■ REQUIREMENT:
For the entries below, report the number of lines where the string "schöner" appears, and only that number.

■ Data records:
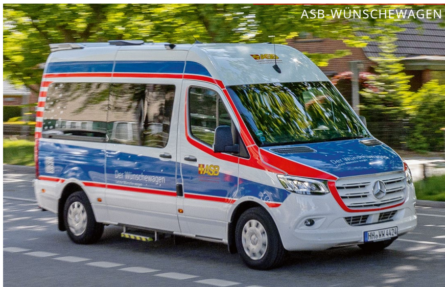
Der Wünschewagen ist ein nach Wunsch gefertigter Rettungswagen – nur schöner.

nur besser, sondern vor allem auch schöner gemacht. Denn ganz wichtig ist dem Team, dass sich die Menschen an Bord wohlfühlen und nicht wie in einem Rettungsfahrzeug, was der Wünschewagen technisch ist.
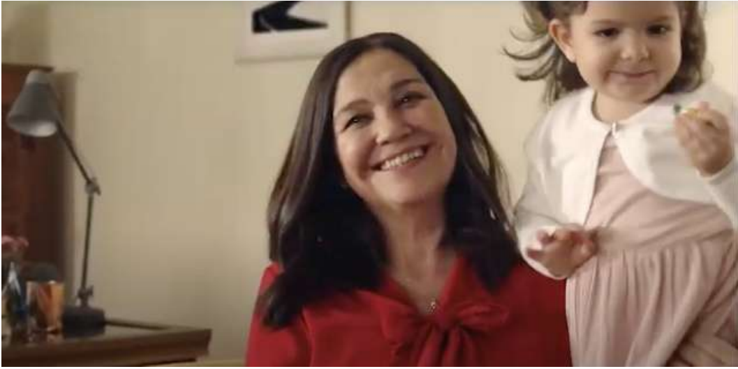
Resim 10- “Kent, Her Bayramın Şekeri Reklamı” Dördüncü Sahnesi
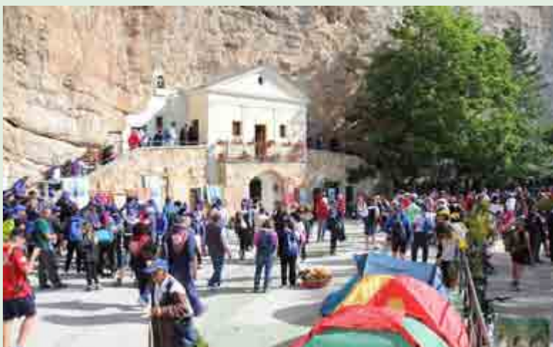
Sullo sfondo il Santuario della SS. Trinità a Vallepietra

Cardinale Ruini che anche quest'anno è venuto a Vallepietra, ai campioni dello sport e ai divi dello spettacolo che amano confondersi tra i pellegrini comuni, il Santuario accoglie anche tanti turisti e semplici visitatori. "Vengono qui perché tappa di escursioni al monte Autore o nei sentieri circostanti e tutti restano rapiti non solo dalla bellezza del luogo, ma anche dai fedeli e da questa devozione autentica. Un po' iniziano a convertirsi anche loro", aggiunge don Alberto. Accogliere quasi mezzo milione di persone nei
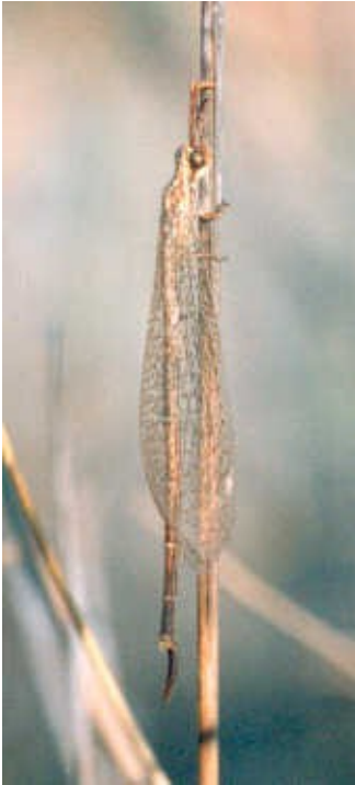
Adulto maschio

■ SOLVED PROBLEM:
2